It happened again! Our Rancher 2 deployment (Local cluster and a user workload cluster) went down, and the root cause was that our three etcd nodes couldn’t talk to each other due to a network configuration issue. Unfortunately, since etcd was down, Rancher itself was down and thus the Rancher alerting system was not functional.
What strategies have you employed to keep an eye on your etcd cluster in the event that Rancher itself is down? Do you use etcdctl?
That’s always the danger of coupling yourself to the Rancher API, CLI or UI. You don’t have to do that (we certainly don’t, and mostly for this type of reason).
Hi Stefan, usually the idea is to have an external monitoring that don’t rely on the system is monitoring.
If you have any ressources external rancher, you can deploy a Prometheus that will monitor from out the cluster critical components (master hosts/etcd/network)
We use a number of tools that operate at the infrastructure level, platform and application.

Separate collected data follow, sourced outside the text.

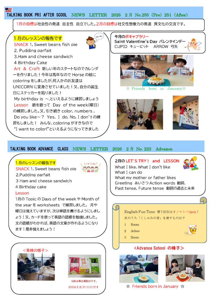 NEWS LETTER 2026年2月 No.261/No.255(Pre)/No.251(After)
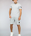Deze mannen set bestaat uit een short en een shirt. De korte broek heeft een elastische tailleband met vetersluiting en twee steekzakken aan de voorzijde. Het shirt is aansluitend en voorzien van korte mouwen en een ronde halslijn. Beide items bevatten bevat veel stretch. Het shirt is voorzien van een klein spiegeltje op de mouw en deze is ook terug te vinden op de cargo zakken van de short!
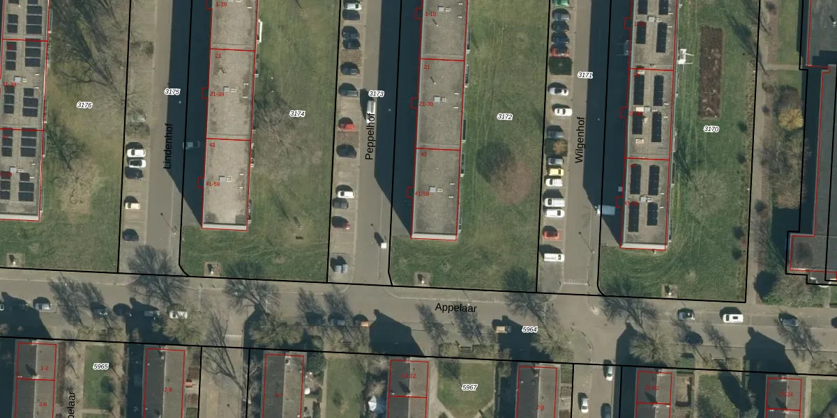 Het perceel waarop Peppelhof 57 staat heeft een oppervlakte van 2940 m². Dit is een zeer groot perceel. De perceeloppervlakte wordt geregistreerd door het Kadaster. Gedetailleerde informatie over de maten van dit perceel kunt u vinden in het rapport Kadastrale kaart met maatvoering van Peppelhof 57.
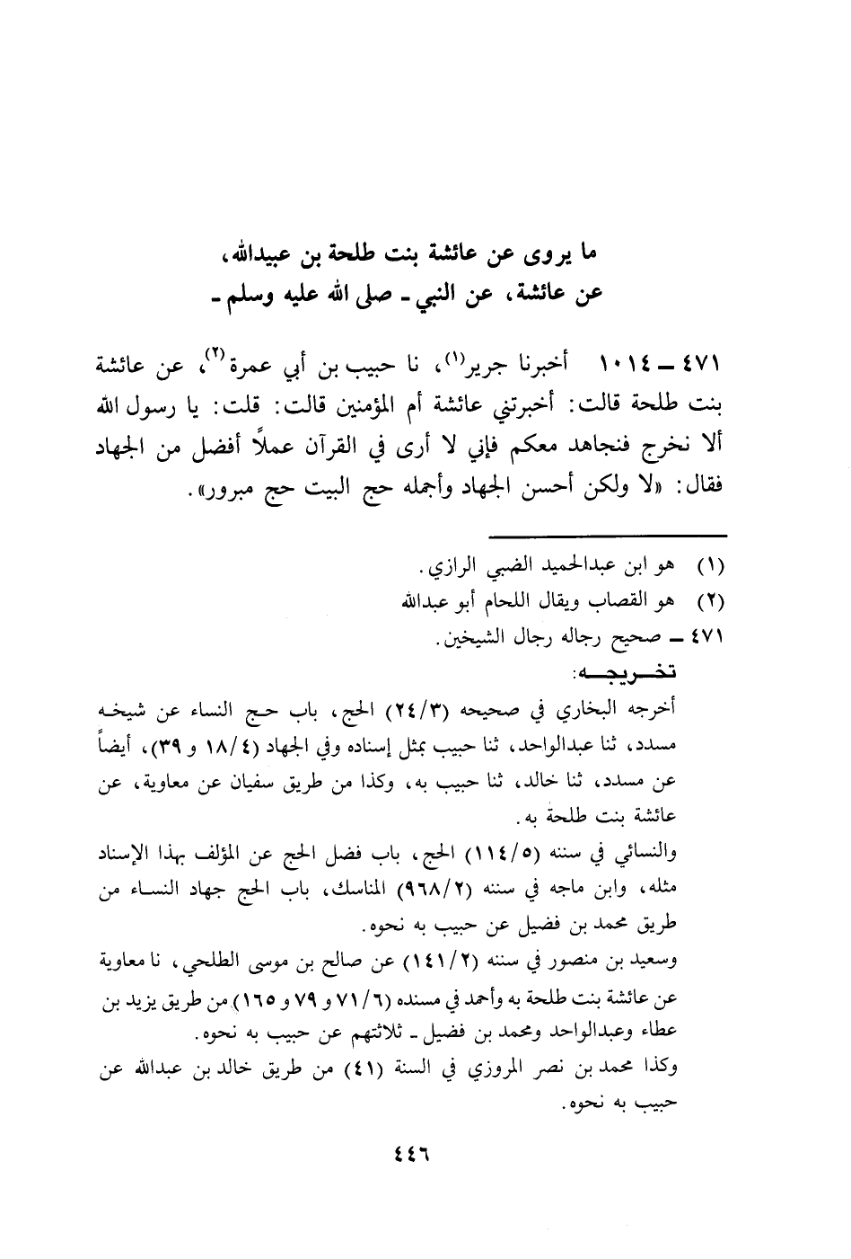 1014 - أَخْبَرَنَا جَرِيرٌ، نا حَبِيبُ بْنُ أَبِي عَمْرَةَ، عَنْ عَائِشَةَ بِنْتِ طَلْحَةَ، قَالَتْ: أَخْبَرَتْنِي عَائِشَةُ أمُّ الْمُؤْمِنِينَ، قَالَتْ: قُلْتُ: يَا رَسُولَ اللَّهِ أَلَا نَخْرُجُ فَنُجَاهِدُ مَعَكُمْ فَإِنِّي لَا أَرَى فِي الْقُرْآنِ عَمَلًا أَفْضَلَ مِنَ الْجِهَادِ فَقَالَ: «لَا وَلَكِنْ §أَحْسَنُ الْجِهَادِ وَأَجْمَلُهُ حَجُّ الْبَيْتِ، حَجٌّ مَبْرُورٌ»

I work for a large corporate so much of this is predefined and I often don’t have latitude to choose alternates (there are support wrap and technical approval considerations), but that said, we use Prometheus/Grafana along with Splunk, App Dynamics and Cloud Watch. Applications share some of these and also others like Seq.
# etcdctl --endpoints https://etcd1:2379/ cluster-health
member asd123asd123as is healthy: got healthy result from https://etcd2:2379
member 0978asd098asd9 is healthy: got healthy result from https://cntest07:2379
member 345kjh345jkh34 is healthy: got healthy result from https://etcd3:2379
cluster is healthy